• DATA SEGMENT:
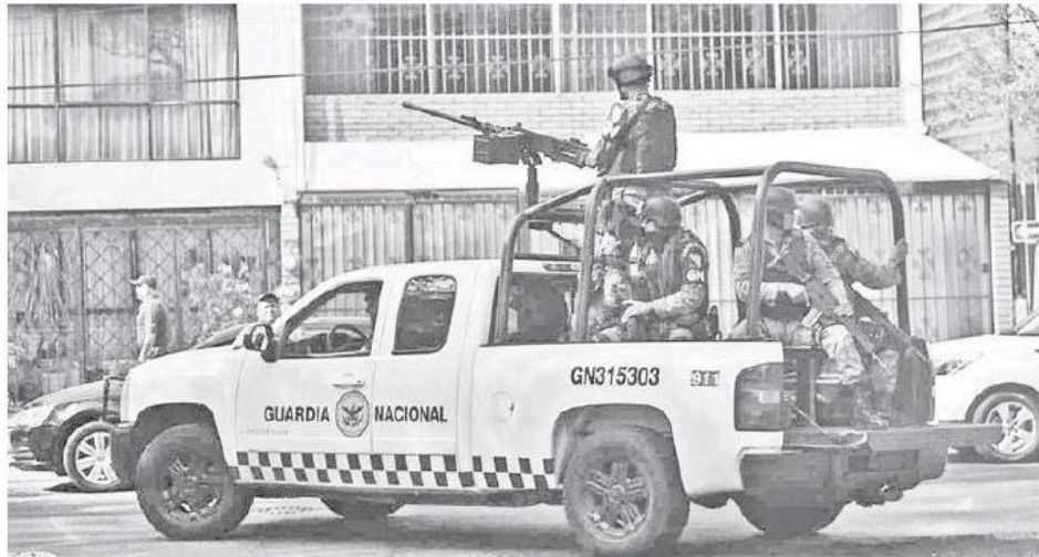
Los muchachos habrían sido golpeados y despojados de su dinero.

Dijo a EL OCCIDENTAL que "Esto es un abuso
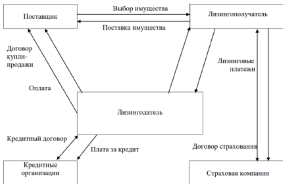
Рис. 1. Общая схема проведения лизинговой операции

• PROBLEM TO SOLVE: Make an exact copy of the listing. Leave its pictures out.

• RESPONSE BOX:
Los muchachos habrían sido golpeados y despojados de su dinero.

Dijo a EL OCCIDENTAL que "Esto es un abuso
Рис. 1. Общая схема проведения лизинговой операции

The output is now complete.